The built-in middleware classes live in genkit.plugins.middleware. To use them, you need to register the plugin:

from genkit import Genkit
from genkit.plugins.google_genai import GoogleAI
from genkit.plugins.middleware import Middleware, Retry, Fallback, ToolApproval

ai = Genkit(
    plugins=[GoogleAI(), Middleware()],   # <-- register the plugin
    model='googleai/gemini-2.0-flash',
)

Middleware() registers the built-in middleware descriptors so they appear in the Dev UI. You still pass instances into use=[...] at the call site.

Install:

uv add "genkit[google-genai] @ git+https://github.com/firebase/genkit.git#subdirectory=py/packages/genkit"
# The middleware plugin is included in the monorepo install

Retry Middleware

Rate limits (RESOURCE_EXHAUSTED) and transient network errors are facts of life with any LLM API. Without retry logic, these manifest as hard failures.

from genkit.plugins.middleware import Retry

response = await ai.generate(
    prompt='Summarize this document...',
    use=[Retry(max_retries=3)],
)

That’s the minimal usage. With defaults, Retry retries up to 3 times on these statuses: UNAVAILABLE, DEADLINE_EXCEEDED, RESOURCE_EXHAUSTED, ABORTED, INTERNAL. It uses exponential backoff with jitter starting at 1 second, capping at 60 seconds.

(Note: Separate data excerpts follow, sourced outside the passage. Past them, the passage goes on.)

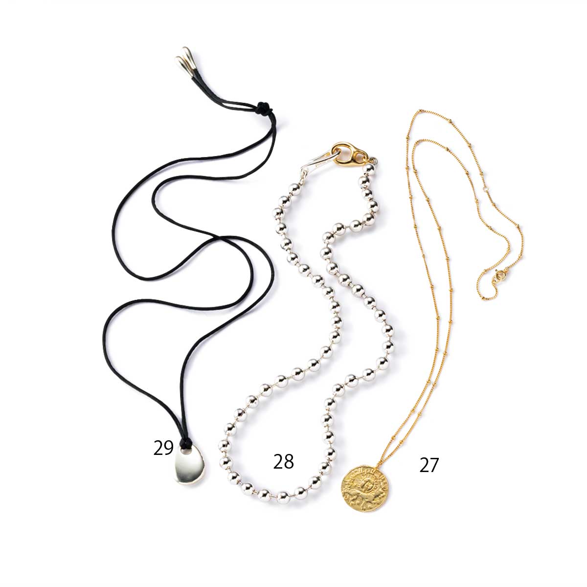 27.ヴィンテージライクなこなれ感があるコインネックレス。¥25,300(マリハ)28.シルバーのボールネックレスは、コーディネートが物足りないときの救世主!¥9,900(イン ムード/フォーティーン ショールーム)29.旅ムード高まるカジュアルなコードネックレスも。¥33,000(リューク)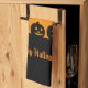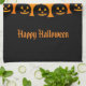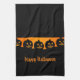 Kitchen towel shown in black with a Halloween pumpkins print. Customise this item or buy as is.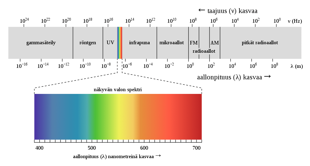Sähkömagneettinen spektri muodostuu vaihtuvasta sähkö- ja magneettikentästä. Nämä etenevät avaruudessa yleensä suoraa reittiä ja niiden värähtelytasot ovat toisiinsa nähden 90 asteen kulmassa. Sähkömagneettinen spektri on jaettu eri alueisiin joko käyttötarkoituksen tai vaikutusominaisuuksien mukaan. Silmin nähtävä taajuusspektrin alue on varsin kapea osa tästä eli vain noin 380 nm – 780 nm.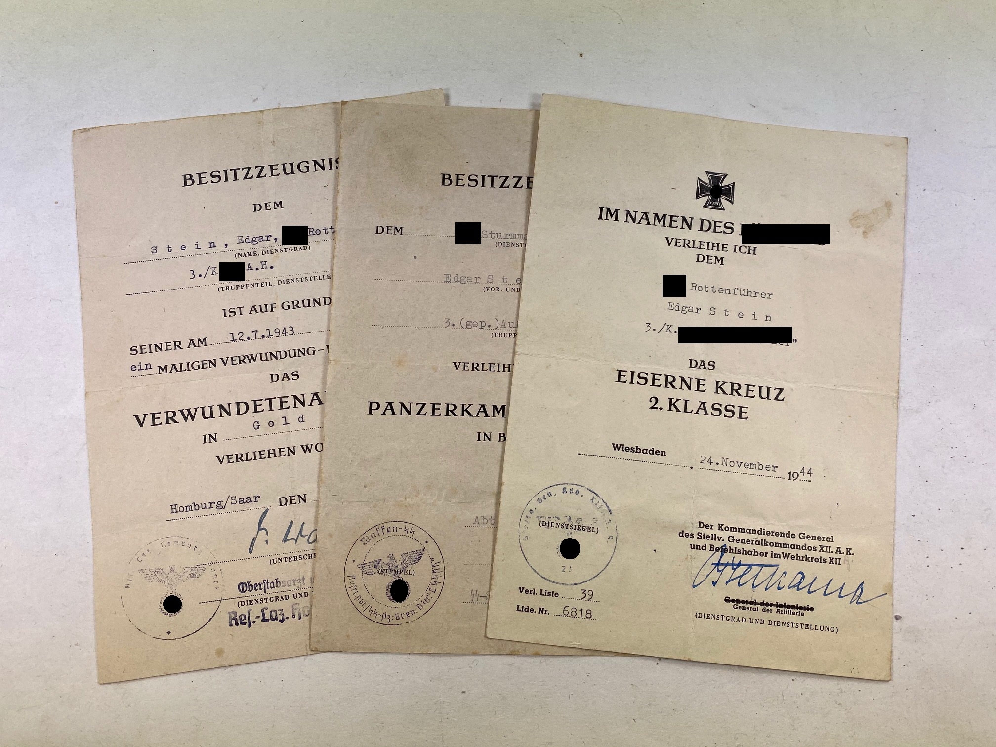 A group of documents from the possessions of the SS Rottenführers Edgar Stein. Stein served with the armoured reconaissence of the Leibstandarte. All the documents in a good, slightly used condition. Comprised of documents for: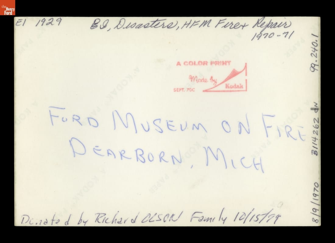 On August 9, 1970 a fire broke out in the Henry Ford Museum. Visitors who had been enjoying the exhibits calmly left the building. Firefighters quickly responded and fought the blaze. By the time the fire was under control several exhibits and hundreds of artifacts had been lost. Unaffected areas of the museum reopened two days later and complete repairs took over a year.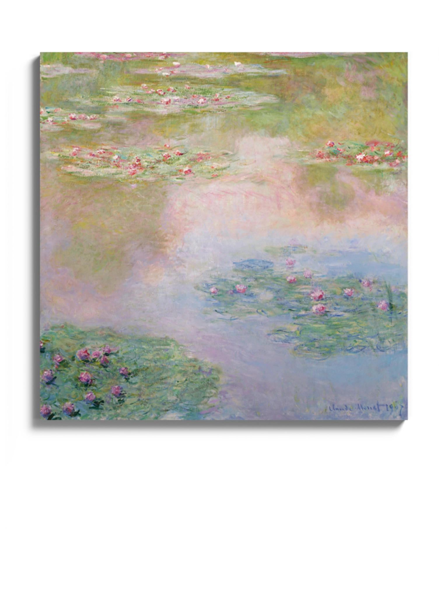 Картина «Водяні лілії» французького художника та одного із зісновників імпресіонізму Клода Моне. Рожевий колір, квіти, ранок, імпресіонізм.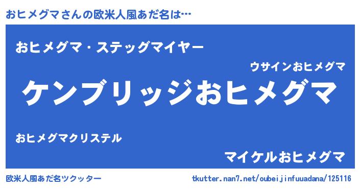 | 女子向けラノベタイトル風あだ名 | 『おヒメグマなんてお断りですっ。』 |
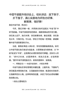 中层干部提升培训会上,校长讲话:放下架子,扑下身子,真心实意地为师生办好事,解难事,做好事!.doc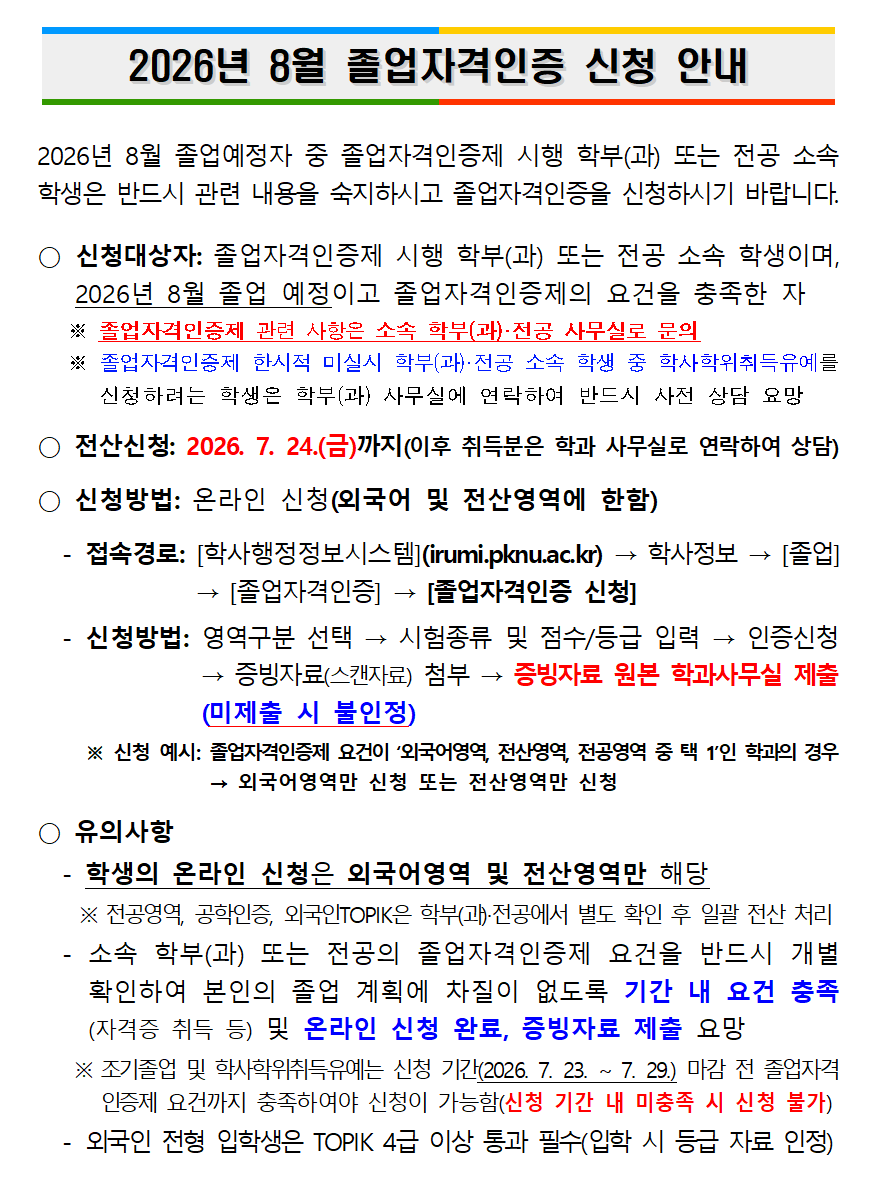 <2026년 8월 졸업생 적용 졸업자격인증 신청 안내> 1. 신청기간: ~ 2026.7.24. (금) 까지 2. 신청영역: 전공영역 (외국어, 전산영역 신청 필요 없음) 3. 신청방법: 전공영역 증빙서류 학과 사무실(자연과학1관 4층 5413호) 방문 제출 ※ 졸업자격인증제 자격 요건은 붙임파일 확인

Configuring retry behavior

from genkit.plugins.middleware import Retry

# Aggressive retry for a long-running batch job
batch_retry = Retry(
    max_retries=5,
    initial_delay_ms=500,    # start at 500ms
    max_delay_ms=30_000,     # cap at 30s
    backoff_factor=2.0,      # double each attempt
    no_jitter=False,         # jitter prevents thundering herd (default)
)

# Tight retry for a latency-sensitive user request
fast_retry = Retry(
    max_retries=2,
    initial_delay_ms=200,
    max_delay_ms=2_000,
)

# Custom retry statuses — only retry quota errors, not server errors
quota_retry = Retry(
    max_retries=3,
    statuses=['RESOURCE_EXHAUSTED'],
)

The RetryConfig parameters:

Parameter	Default	Description
`max_retries`	`3`	Maximum retry attempts
`initial_delay_ms`	`1000`	First retry delay in ms
`max_delay_ms`	`60000`	Maximum delay cap in ms
`backoff_factor`	`2.0`	Multiplier per attempt
`no_jitter`	`False`	Disable jitter (use for tests)
`statuses`	See above	Which error statuses trigger retry

Retry hooks into wrap_model — it retries at the raw model API call level, not at the flow level. If a retry succeeds, the response is transparent to the caller.

Fallback Middleware

Retry handles transient failures. Fallback handles sustained failures: your primary model is down, quota is exhausted for the day, or you need geographic failover.

from genkit.plugins.middleware import Fallback

response = await ai.generate(
    prompt='Write a product description...',
    use=[
        Fallback(models=['googleai/gemini-flash-latest', 'googleai/gemini-2.0-flash']),
    ],
)

If the default model (gemini-2.0-flash) fails with a qualifying status, Genkit automatically retries with gemini-flash-latest, then with gemini-2.0-flash (as a second fallback). If all models fail, the last error is raised.

Fallback statuses (what triggers a fallback): UNAVAILABLE, DEADLINE_EXCEEDED, RESOURCE_EXHAUSTED, ABORTED, INTERNAL, NOT_FOUND, UNIMPLEMENTED.

Custom fallback statuses

# Only fall back on quota exhaustion, not on other errors
quota_fallback = Fallback(
    models=['googleai/gemini-flash-latest'],
    statuses=['RESOURCE_EXHAUSTED', 'UNAVAILABLE'],
)

Fallback hooks into wrap_model at the raw model call level. If a fallback succeeds, the response comes back as normal—callers don’t need to know which model served the request.

Tool Approval Middleware

This is the pattern I use for any agent that can take real-world actions. Without it, the model can call any tool it wants, any time.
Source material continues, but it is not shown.